Required work:
Print each entry as it appears. Images stay out of the copy.

-- Task input follows --

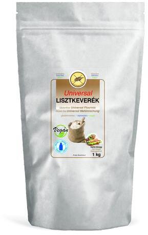 Összetétel: kukoricakeményítő, rizsliszt, tápióka keményítő, utifűmaghéjliszt, stabilizálószer: E 464, almarost Tápérték: E nergia: 1614 kJ/ 384 kcal zsír: 0,4 g ebből telített 0,1 g, szénhidrát: 76,6 g ebből cukrok 1,33 g, rost: 31,0 g, rost: 31,0 g, fehérje: 2,9 g, só: 0,74 g FELHASZNÁLÁS: 300 g gluténmentes zabos lisztet 6 g sóval, 15 g almaecettel és 380 g vízzel
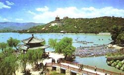 北京明、清时所修宫廷苑囿,不少是依照江南的风景名胜。昆明湖西部的设计,很显然是完全依照西湖苏堤、白堤的风景情调,如果划条小船,划到龙王庙西北一点水面上,向西望去,则很象在杭州西湖中,望清波门外昭庆寺门前到断桥的那一段堤痕,玉泉山正像初阳台,玉泉山的塔如同保俶塔,情趣十分近似。
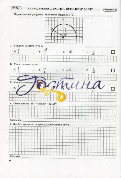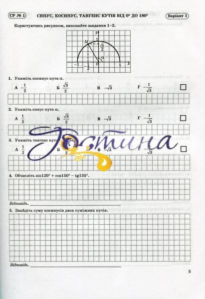 Матеріали посібника відповідають чинній програмі з математики для 9 класу загальноосвітніх навчальних закладів. Посібник містить 14 самостійних і 7 контрольних робіт, кожному з яких подано у двох варіантах однакової складності.
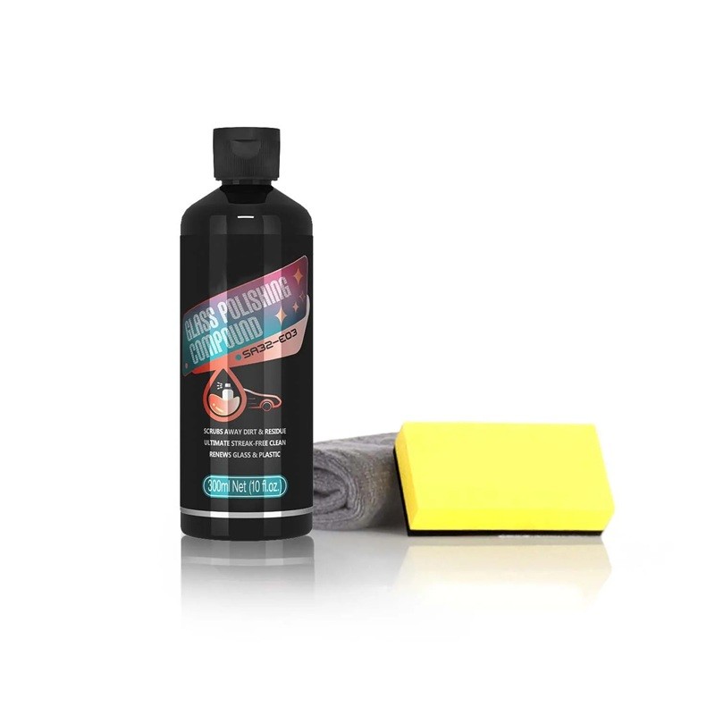 Lešticí pasta na sklo s houbičkou 300 ml bez silikonu hloubkový čistič odstraňovač olejového filmu černo-žlutá na autoskla
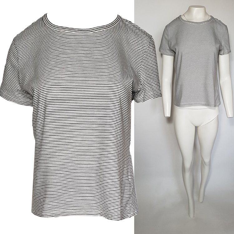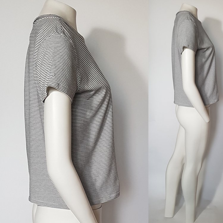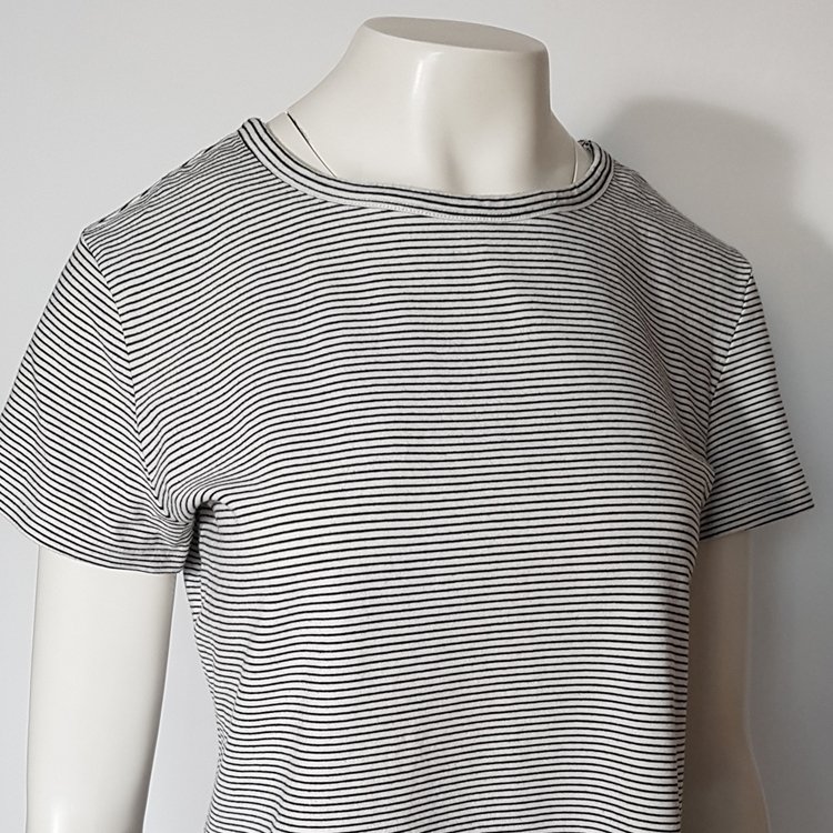 Bluzka z krótkim rękawem z przyjemnej dzianiny bawełnianej, biała w drobne czarne paski. Deformacje układu pasków, widoczne miejscami na zdjęciach są wadą aparatu, który nie radzi sobie najlepiej z drobnymi paskami.
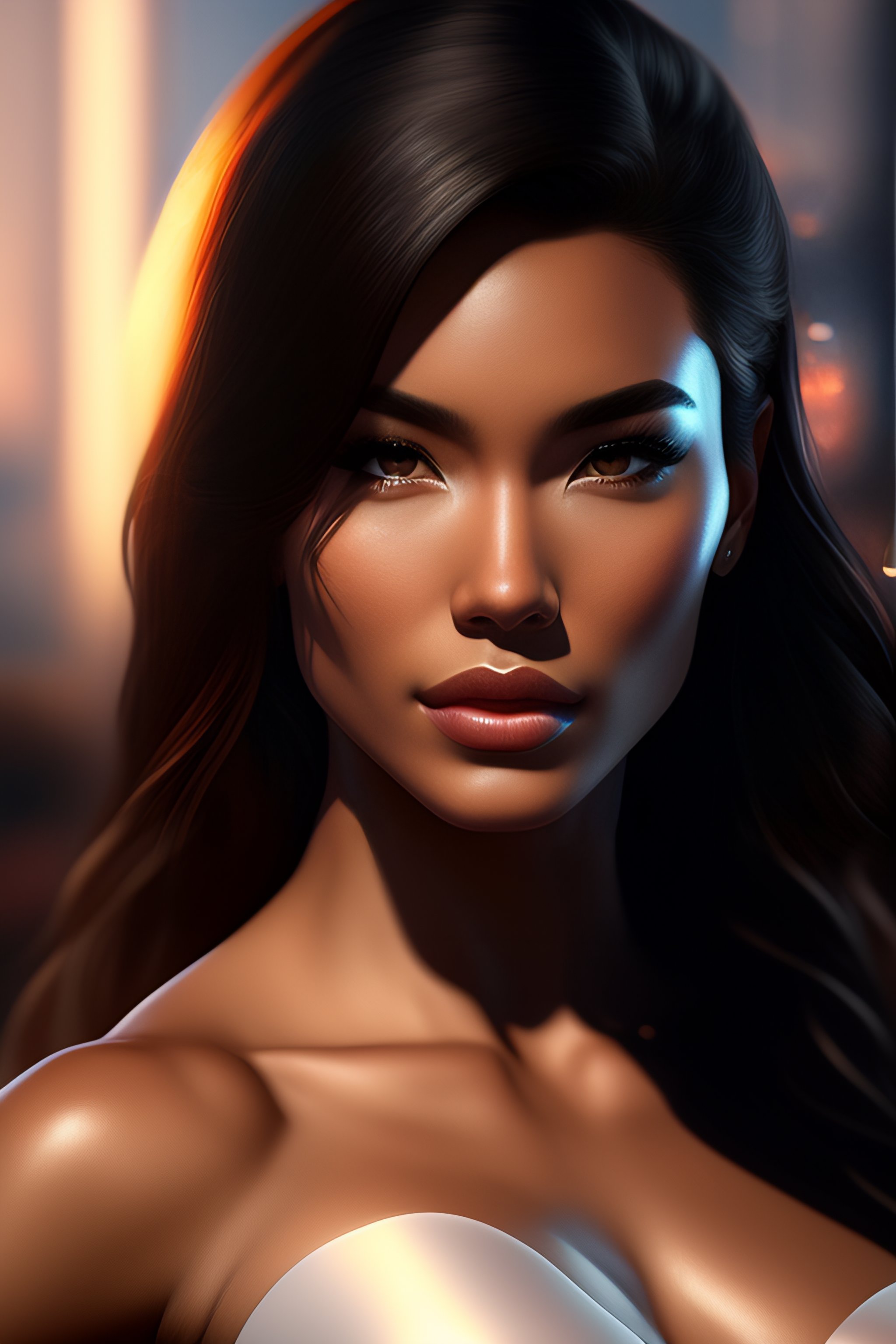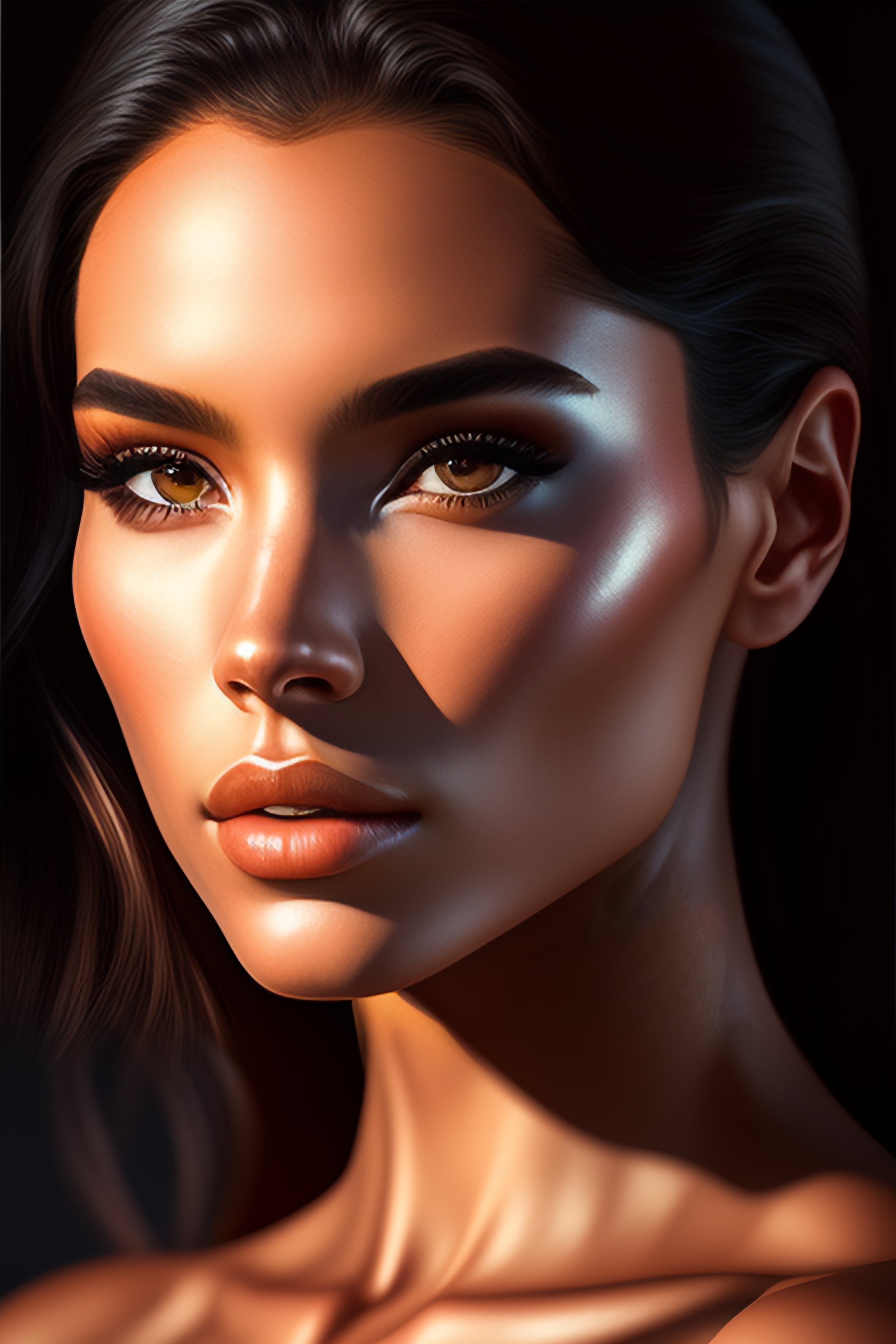 Professional portrait of a perfect young sexy female model with a perfect body, by artgerm and moebius, beautiful, hyperrealism, highly detailed, 8k, intricate, dynamic dramatic dark moody lighting, shadows, artstation, concept art, octane render, 8k, no make up
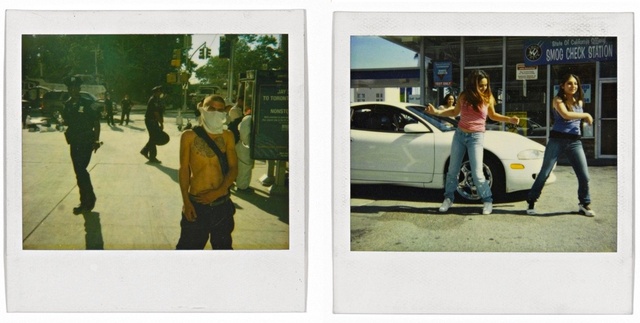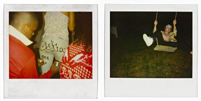 There’s delicacy in all of Snow’s production, but it feels different from a pictorial strategy, more like real humor and sweetness, and even gentleness, combined with an implacable urge to rub people’s faces in the mire. Still, there’s the question of how, or if, Snow’s own life squares with what one might call the “networked” logic his art operates against. Does one take Snow’s position entirely seriously, contrasting it with artists who assume the “Bad” mantle as a strategy? The visceral power of violence easily becomes a seductive hook for artists such as Hito Steyerl, whose 2012 video “Guards” makes full use of the jarring body language two museum guards replay from their former lives as cops/Marines, against a backdrop of works by de Kooning, Hesse, et al. The appeal of such rough play for gallery audiences is sanctioned by Steyerl’s distance from her actors’ world. And yet the deployment of working-class men in her video is essentially a temporary human transaction, contained in a project destined for the same museums where these guards continue their anonymous labor. When Snow, circa 2000, joined the tagging crew IRAK, soon thereafter this already well-known group achieved a kind of legendary status, in part because the leader of the crew, Kunle Martins, who appears in scores of Snow’s Polaroids, was an unapologetically gay black man and the tagging community was notoriously homophobic; the addition of rich kid/runaway Dash Snow, and the seeming unconventionality of their relationship, made IRAK the ne plus ultra crew of its time.
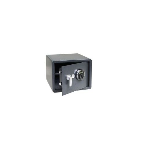 - Sejf stalowy z zamkiem elektronicznym wyposażonym w alarm, podświetlanym wyświetlaczem LCD i dźwignią otwierającą.
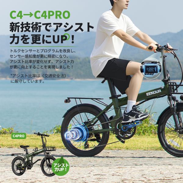 EENOUR 折りたたみ電動自転車 電動アシスト自転車 20インチ シマノ7段変速 コントローラー進化 142km最大走行 5段階アシスト TS型式認定 公道走行 イーノウ C4
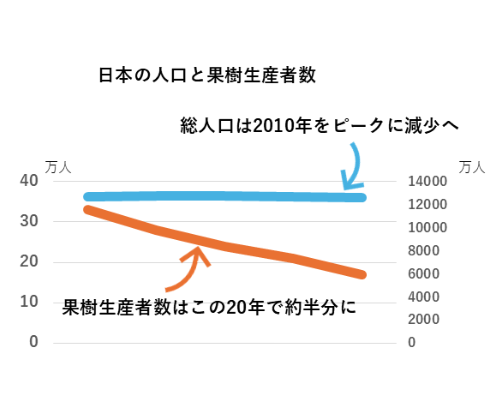 基盤整備が困難な傾斜地の畑が多く、機械を活用できる作業が少ないのが果樹栽培の特性でもあります。米なら来年作付を増やすことも容易ですが、果樹は植えてから収穫までに何年も要するため、一旦下がった生産量はそう簡単には回復できません。長期育成型であることが目の前の需給の調整をより難しくしています。
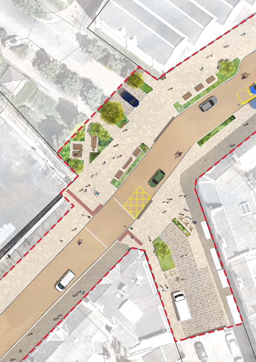 Plans to make the town centre a more attractive place have been designed to make it easier to access local shops, schools and services with wider pavements and better cycling provision. Ideas include features to create better spaces to spend time, with trees and nature, planting, public art, and opportunities to rest.

-- Task input concluded --

Response box:
 Összetétel: kukoricakeményítő, rizsliszt, tápióka keményítő, utifűmaghéjliszt, stabilizálószer: E 464, almarost Tápérték: E nergia: 1614 kJ/ 384 kcal zsír: 0,4 g ebből telített 0,1 g, szénhidrát: 76,6 g ebből cukrok 1,33 g, rost: 31,0 g, rost: 31,0 g, fehérje: 2,9 g, só: 0,74 g FELHASZNÁLÁS: 300 g gluténmentes zabos lisztet 6 g sóval, 15 g almaecettel és 380 g vízzel
 北京明、清时所修宫廷苑囿,不少是依照江南的风景名胜。昆明湖西部的设计,很显然是完全依照西湖苏堤、白堤的风景情调,如果划条小船,划到龙王庙西北一点水面上,向西望去,则很象在杭州西湖中,望清波门外昭庆寺门前到断桥的那一段堤痕,玉泉山正像初阳台,玉泉山的塔如同保俶塔,情趣十分近似。
 Матеріали посібника відповідають чинній програмі з математики для 9 класу загальноосвітніх навчальних закладів. Посібник містить 14 самостійних і 7 контрольних робіт, кожному з яких подано у двох варіантах однакової складності.
 Lešticí pasta na sklo s houbičkou 300 ml bez silikonu hloubkový čistič odstraňovač olejového filmu černo-žlutá na autoskla
 Bluzka z krótkim rękawem z przyjemnej dzianiny bawełnianej, biała w drobne czarne paski. Deformacje układu pasków, widoczne miejscami na zdjęciach są wadą aparatu, który nie radzi sobie najlepiej z drobnymi paskami.
 Professional portrait of a perfect young sexy female model with a perfect body, by artgerm and moebius, beautiful, hyperrealism, highly detailed, 8k, intricate, dynamic dramatic dark moody lighting, shadows, artstation, concept art, octane render, 8k, no make up
 There’s delicacy in all of Snow’s production, but it feels different from a pictorial strategy, more like real humor and sweetness, and even gentleness, combined with an implacable urge to rub people’s faces in the mire. Still, there’s the question of how, or if, Snow’s own life squares with what one might call the “networked” logic his art operates against. Does one take Snow’s position entirely seriously, contrasting it with artists who assume the “Bad” mantle as a strategy? The visceral power of violence easily becomes a seductive hook for artists such as Hito Steyerl, whose 2012 video “Guards” makes full use of the jarring body language two museum guards replay from their former lives as cops/Marines, against a backdrop of works by de Kooning, Hesse, et al. The appeal of such rough play for gallery audiences is sanctioned by Steyerl’s distance from her actors’ world. And yet the deployment of working-class men in her video is essentially a temporary human transaction, contained in a project destined for the same museums where these guards continue their anonymous labor. When Snow, circa 2000, joined the tagging crew IRAK, soon thereafter this already well-known group achieved a kind of legendary status, in part because the leader of the crew, Kunle Martins, who appears in scores of Snow’s Polaroids, was an unapologetically gay black man and the tagging community was notoriously homophobic; the addition of rich kid/runaway Dash Snow, and the seeming unconventionality of their relationship, made IRAK the ne plus ultra crew of its time.
 - Sejf stalowy z zamkiem elektronicznym wyposażonym w alarm, podświetlanym wyświetlaczem LCD i dźwignią otwierającą.
 EENOUR 折りたたみ電動自転車 電動アシスト自転車 20インチ シマノ7段変速 コントローラー進化 142km最大走行 5段階アシスト TS型式認定 公道走行 イーノウ C4
 基盤整備が困難な傾斜地の畑が多く、機械を活用できる作業が少ないのが果樹栽培の特性でもあります。米なら来年作付を増やすことも容易ですが、果樹は植えてから収穫までに何年も要するため、一旦下がった生産量はそう簡単には回復できません。長期育成型であることが目の前の需給の調整をより難しくしています。
 Plans to make the town centre a more attractive place have been designed to make it easier to access local shops, schools and services with wider pavements and better cycling provision. Ideas include features to create better spaces to spend time, with trees and nature, planting, public art, and opportunities to rest.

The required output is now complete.